Physical characteristics
- Source: eastern Khentii Mountains
- • coordinates: 48°50′29″N 108°47′18″E﻿ / ﻿48.8413°N 108.7883°E
- Mouth: Shilka
- • coordinates: 51°42′21″N 115°50′40″E﻿ / ﻿51.70583°N 115.84444°E
- Length: 1,032 km (641 mi)
- Basin size: 96,200 km^{2} (37,100 sq mi)

Basin features
- Progression: Shilka→ Amur→ Sea of Okhotsk

= Onon (river) =

River in Mongolia and Russia

The Onon (Note: ) is a river in Mongolia and Russia. It is 1032 km long, and has a drainage basin of 96200 km2.

==Course==
It originates at the eastern slope of the Khentii Mountains.
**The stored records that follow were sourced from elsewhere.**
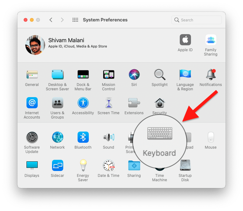 After swapping the ‘Alt’ and ‘Win’ keycaps on your keyboard, open ‘System Preferences’ on your Mac and select the ‘Keyboard’ option.
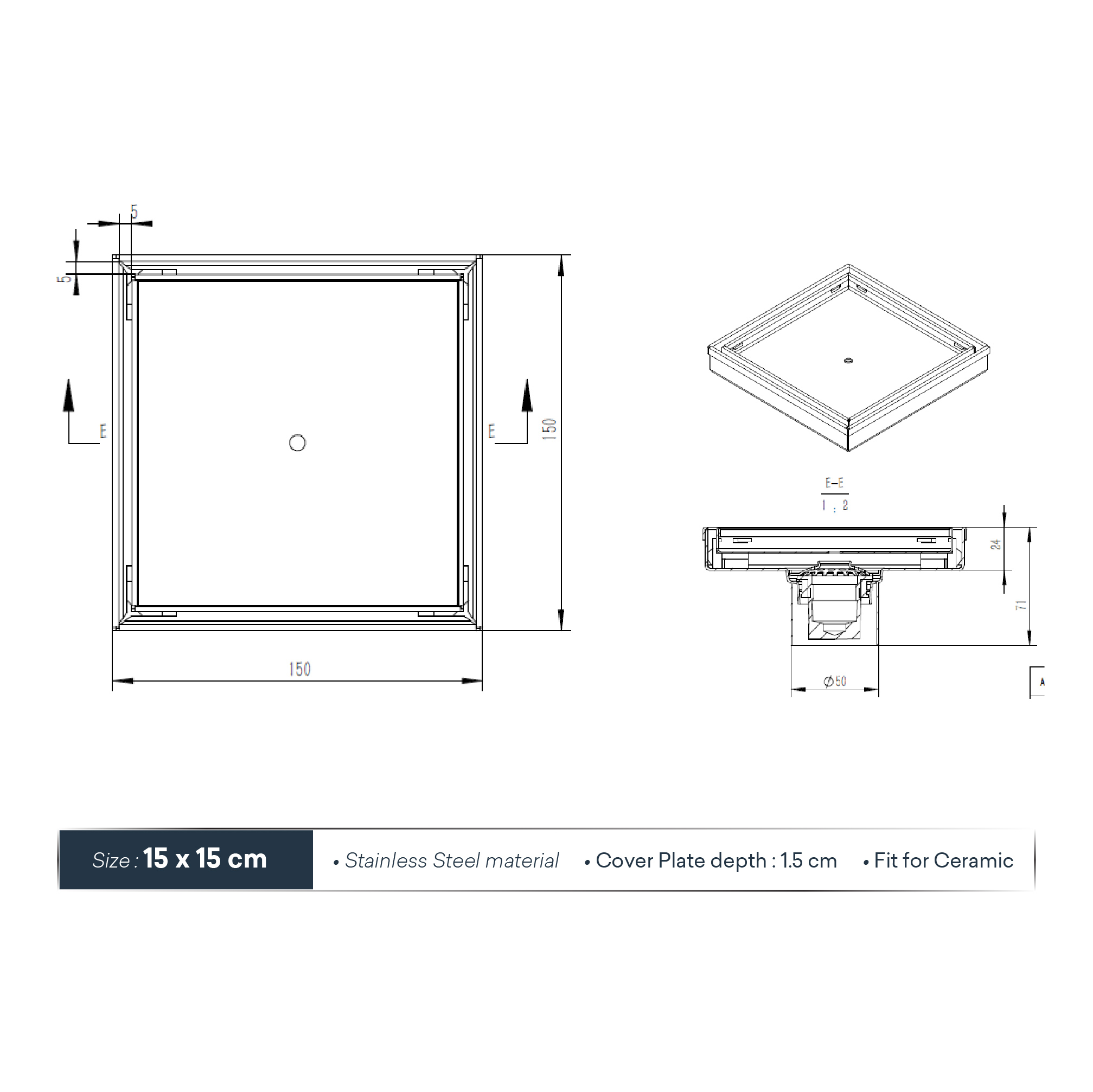 • Conceal Tile Drain – 15 x 15 cm (Brush, Core diameter 5 cm)
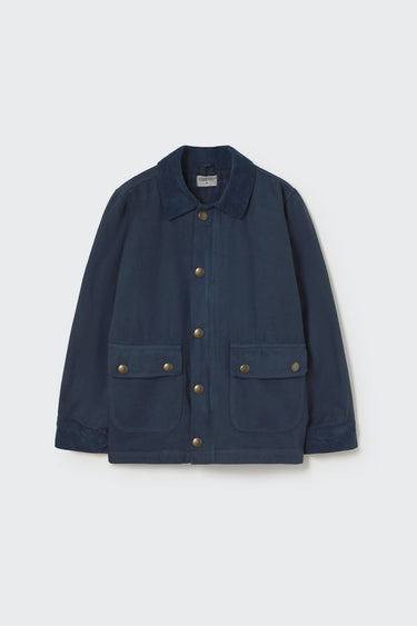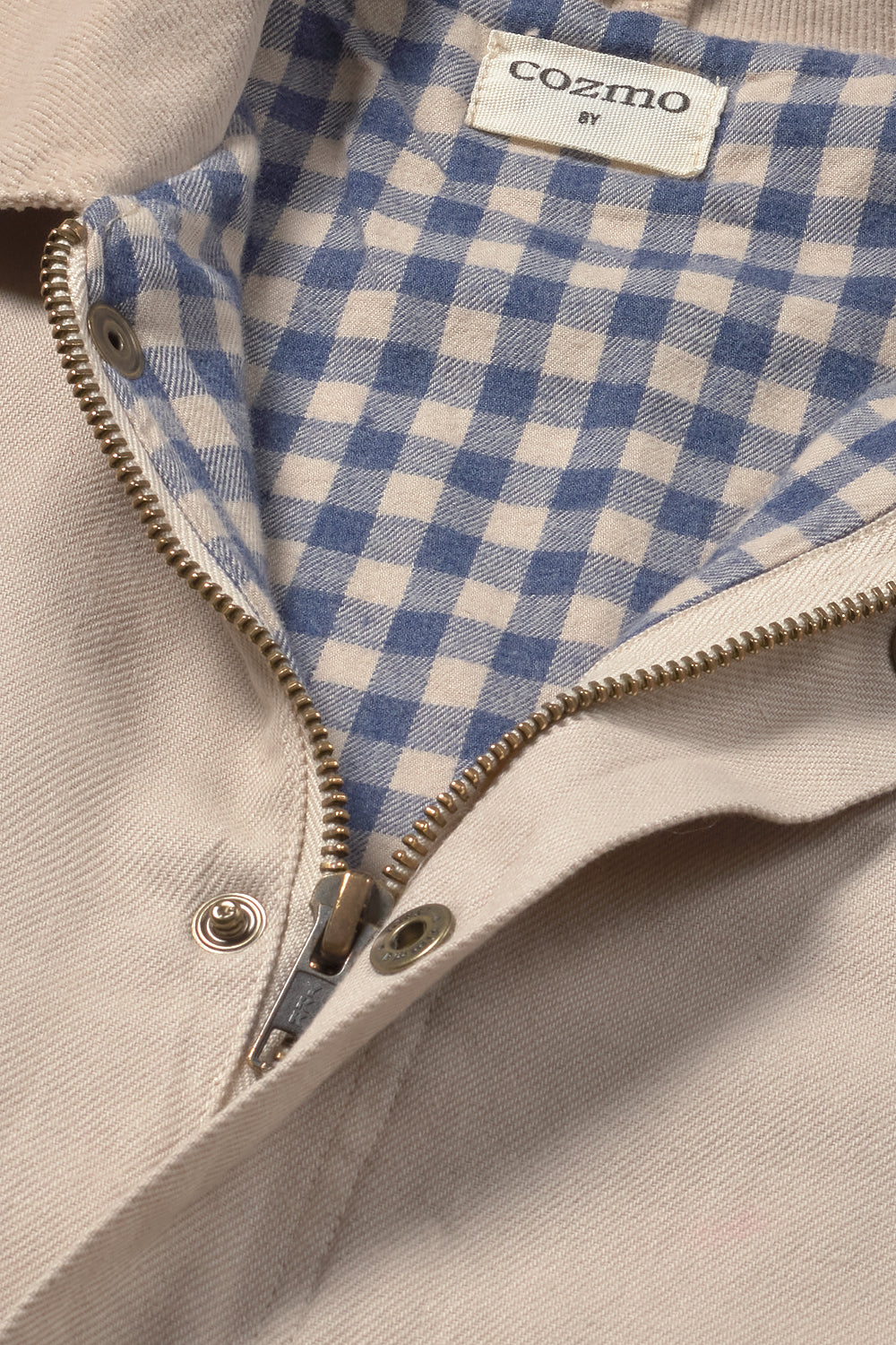 This kids’ jacket is made from GOTS-certified organic cotton twill with an ultra-smooth feel. It features a double closure with a zipper and tack buttons, and flap patch pockets at the front. The collar and cuffs are finished in matching corduroy for added texture. Fully lined in soft plaid fabric for comfort and warmth.
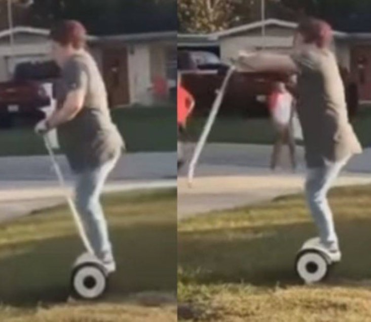 Riding a segway and the handlebars come off. Now you are standing on wheels.
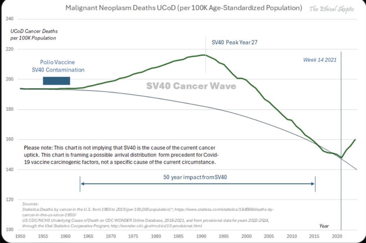 What is SV40? - SV40 is a virus discovered in 1960 in rhesus monkey kidney cell cultures used for the production of polio vaccines. - Between 1955 and 1963, some polio vaccines were contaminated with SV40 due to the use of monkey kidney cells for vaccine production. After this was discovered, testing for SV40 contamination became mandatory, and vaccines were no longer produced with cells from SV40-carrying monkeys. - SV40 is known to be oncogenic in experimental animals, particularly hamsters, causing tumors like mesotheliomas, brain tumors, lymphomas, and bone cancers. The virus's large T antigen can transform cells by disrupting key cellular control mechanisms like p53 and retinoblastoma protein pathways. - Numerous studies have detected SV40 DNA in various human cancers, particularly mesothelioma, brain tumors, and some bone cancers.
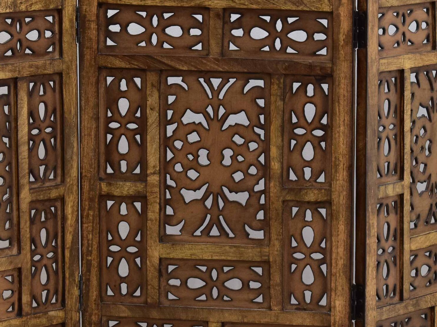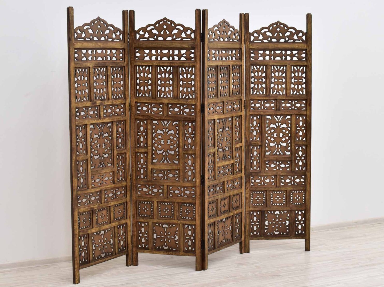 Składający się z czterech części parawan indyjski. Ta nietuzinkowa praktyczna ozdoba została wybarwiona na brązowy kolor. Każdy panel ma wymiary 50x180cm.

For 298 km it flows within Mongolia, before entering the Khentei-Daur Highlands region of the Russian Far East flowing along the Stanovik Range. In its lower reaches it flows between the Mogoytuy (Могойтуйский хребет) and the Borshchovochny (Борщовочный хребет) mountain ranges. It joins with the Ingoda to form the Shilka. Its river valley forms the eastern limit of the Khentei-Daur Highlands. Its main tributaries are the Khurkhyn Gol, Borzya and Unda from the right, and the Agutsa, Kyra and Aga from the left.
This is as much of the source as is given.